Health and Safety


Health and Safety of Spray Foam Insulation

Spray foam insulation, or SPF, has been used regularly in both residential and commercial buildings since the 1970s, so we now have more than thirty years of performance data and scientific testing to analyze when determining the health and safety of this material. As a result, experts agree spray foam is safe and chemically inert if it is:

  1. Properly applied
  2. Once fully cured

Proper Spray Foam Application

With spray foam—as with many engineered construction materials—it’s important to do your research, find a reputable manufacturer and products, and use only a qualified, trained, and certified applicator. An experienced professional knows how to take the right precautions so the installation process is safe, done properly, and the spray foam cures thoroughly before anyone without PPE inhabits the space.

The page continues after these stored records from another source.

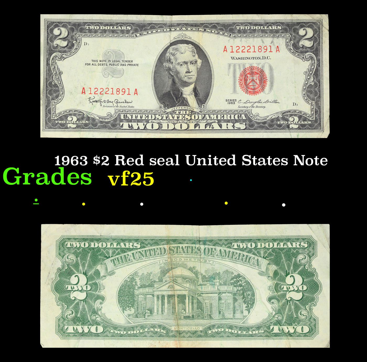 1963 $2 Red seal United States Note Grades vf+.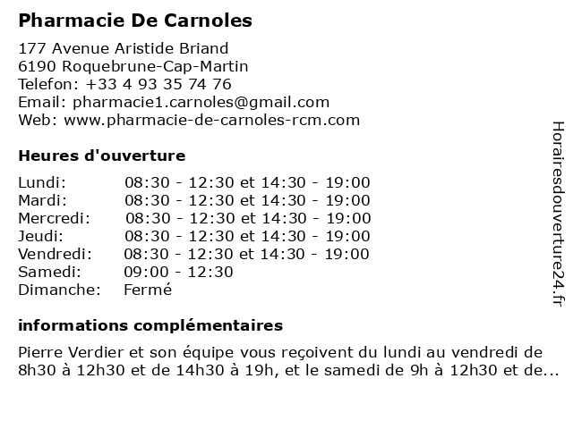| Lundi | 08:30-12:30 et 14:30-19:00 |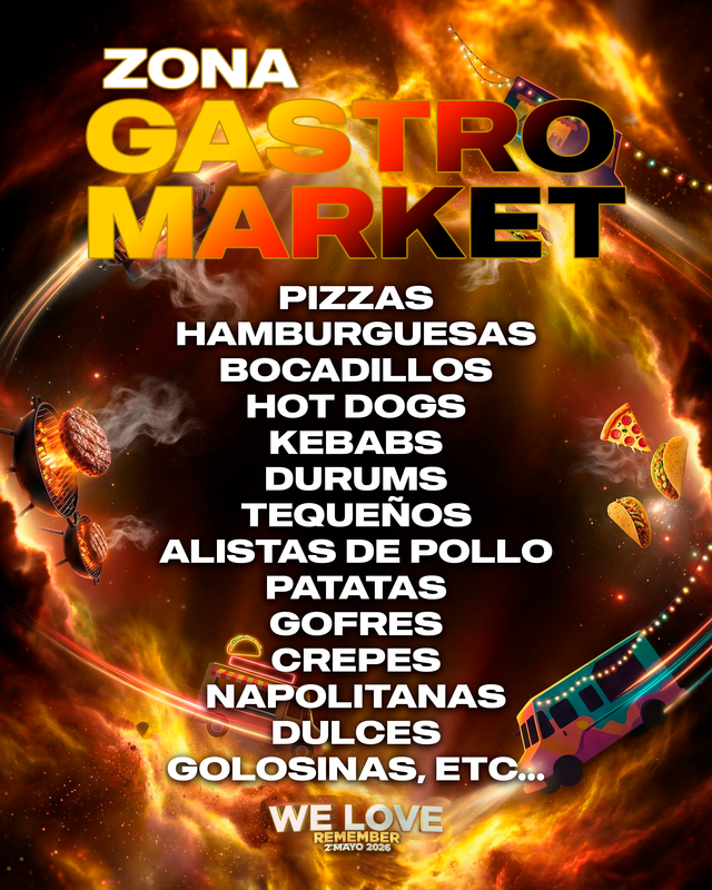 El evento dispondrá de una zona de comidas con food trucks con variada gastronomía, tatuadores, merchandising, etc.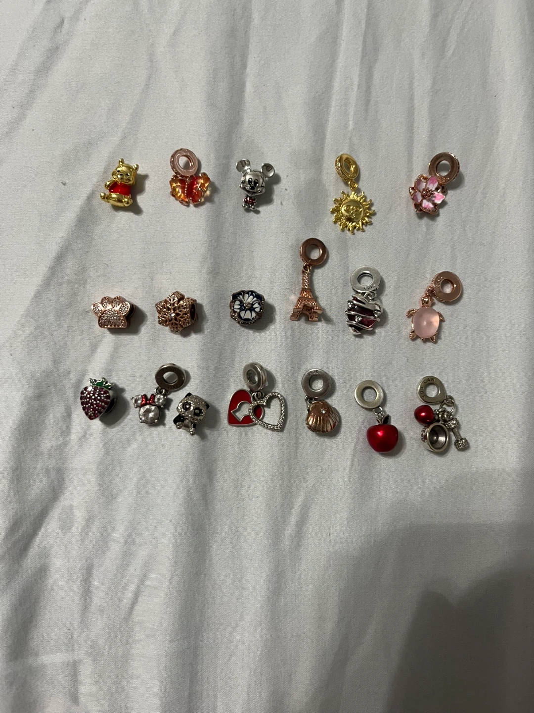 23Selling a collection of Pandora charms! There are a variety of designs, including characters, flowers, and other cute shapes. Perfect for adding some personal flair to your Pandora bracelet!
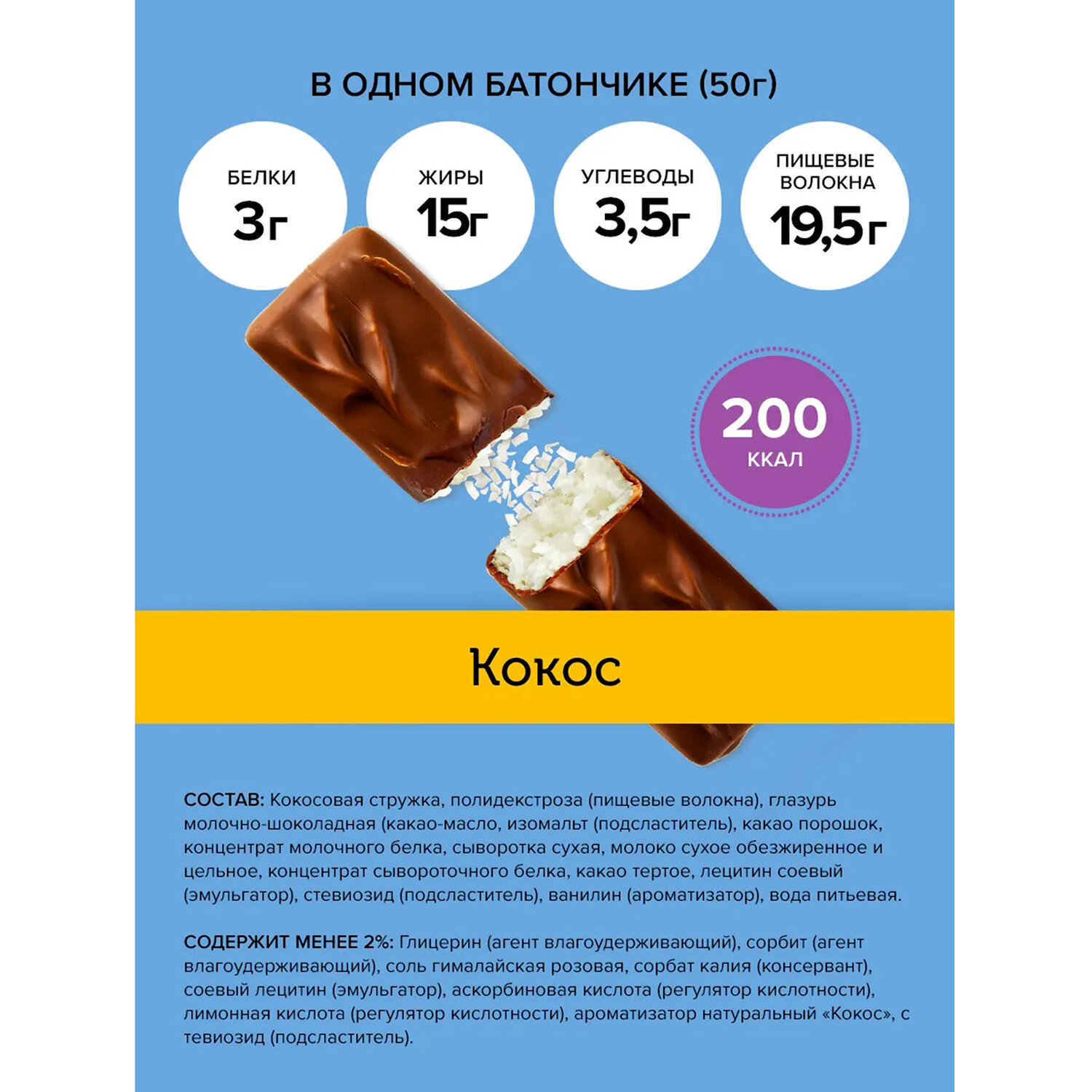 Состав: кокосовая стружка, глазурь молочно-шоколадная (какао-масло, изомальт (подсластитель), какао порошок, концентрат молочного белка, сыворотка сухая, молоко сухое обезжиренное и цельное, концентрат сывороточного белка, какао тертое, лецитин соевый (эмульгатор), стевиозид (подсластитель), ванилин (ароматизатор)), полидекстроза (пищевые волокна), изомальтоолигосахарид (подсластитель), вода питьевая.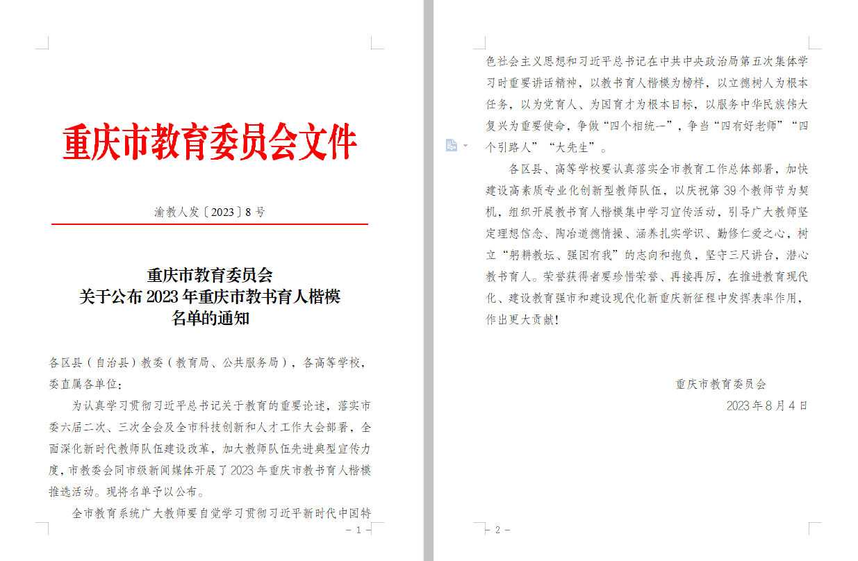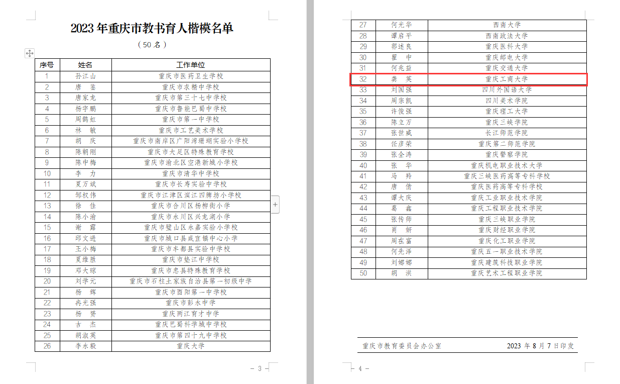 为认真学习贯彻习近平总书记关于教育的重要论述,落实市委六届二次、三次全会及全市科技创新和人才工作大会部署,全面深化新时代教师队伍建设改革,加大教师队伍先进典型宣传力度,市教委会同市级新闻媒体于2023年5月至8月开展了教书育人楷模推选活动,经各区县、各高校推荐、专家综合评审、活动组委会审定等环节,共选树出50名重庆市教书育人楷模(其中高校教师25名)。bat365官网管理科学与工程学院教师龚英获评“2023年重庆市教书育人楷模”。
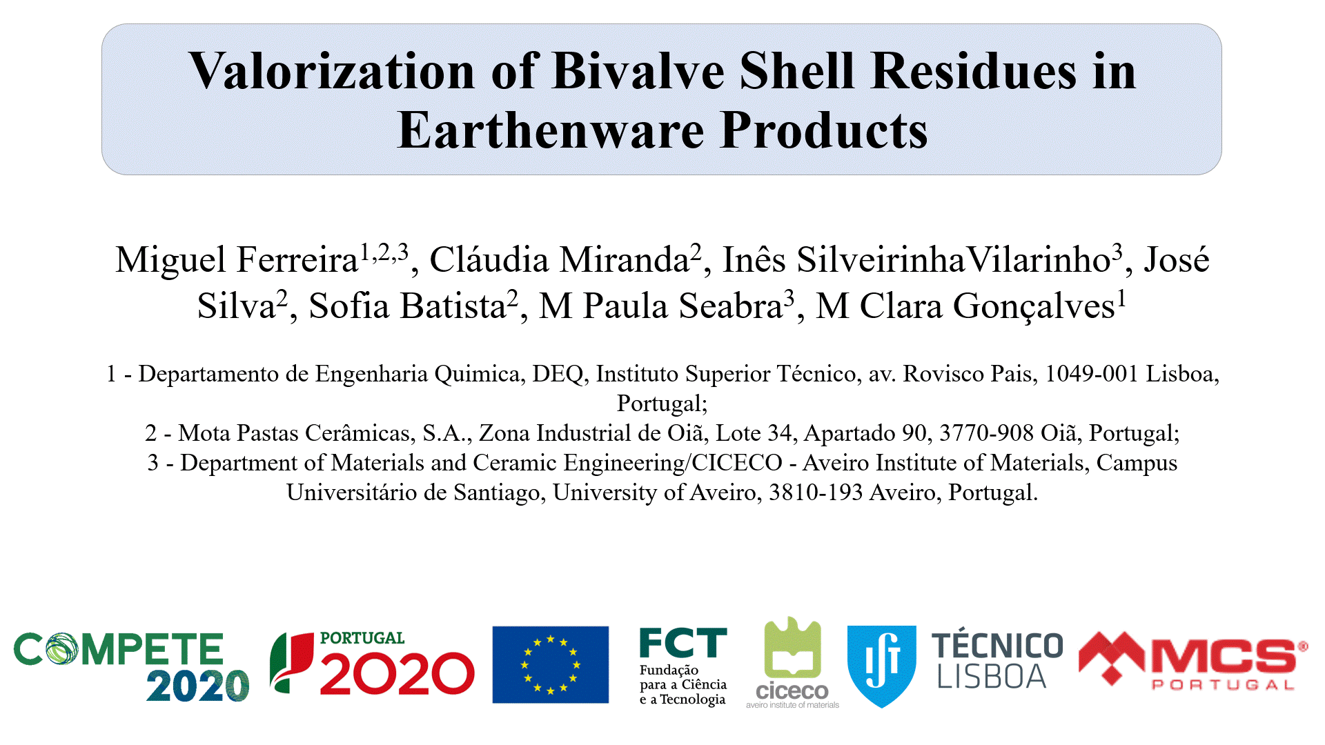 The valorization of industrial by-products and waste has been gaining importance in recent years, also with the investigation of alternatives that can reduce natural raw materials consumption. In this context, the main objective of this work is the valorization of bivalve shells residues, as calcite substitute, in earthenware pastes. The bivalve residues studied were supplied by a cultivation and processing company and after these processes, are considered waste. These residues were characterized and compared with the calcite commonly used in these formulations. Through the mineralogical and chemical characterizations and thermal analysis, it was concluded that these residues could be reused as a source of calcium carbonate, as biocalcite, not requiring any pre-treatment. Formulations were later developed with the gradual replacement of calcite (25, 50, 75 and 100%). Additionally, four maximum sintering temperatures (1025ºC, 1050ºC, 1075ºC and 1100ºC) were performed to assess the substitution influence on the product final characteristics. Furthermore, formulations exclusively with biocalcite with different particle sizes were also developed. The shrinkage, water absorption, flexural strength, colour and thermal expansion coefficient of the fired products were evaluated and no significant differences were observed. Therefore, this work proved that it is possible to use bivalve shell residues as a substitute for calcite in earthenware pastes reducing the virgin raw materials consumption and developing more sustainable products. Moreover, this application will avoid the landfill deposition of the bivalve shell residues reducing the environmental impact of the food processing industry contributing also to the circular economy and industrial symbiosis.

Spray foam—more formally called spray polyurethane foam (SPF)—contains isocyanates, which are released during the exothermic reaction stage of application. Isocyanates have a low level of toxicity until the curing process is fully complete. Improper exposure to isocyanates can cause irritation to the eyes, gastrointestinal tract and respiratory tract. Direct skin contact can cause inflammation, and long-term exposure can cause asthma.

For these reasons, spray foam installers and other workers in the area during spray foam installation must wear the proper personalized protective equipment (PPE):

  • NIOSH-approved full-mask, or air purifiying respiratory protection
  • Chemical resistant disposable protective coverall with hood that ensures no skin is exposed
  • If working with chemicals and there is a chance they may be splashed wear impermeable protective clothing (e.g., PVC, polyethylene)
  • Fabric gloves fully coated with nitrile, neoprene, butyl, or PVC. Or cotton gloves over nitrile gloves may be used
  • Disposable over-boots with skid-resistant soles
  • Chemical resistant eye and skin protection

In addition, the workspace must be properly ventilated.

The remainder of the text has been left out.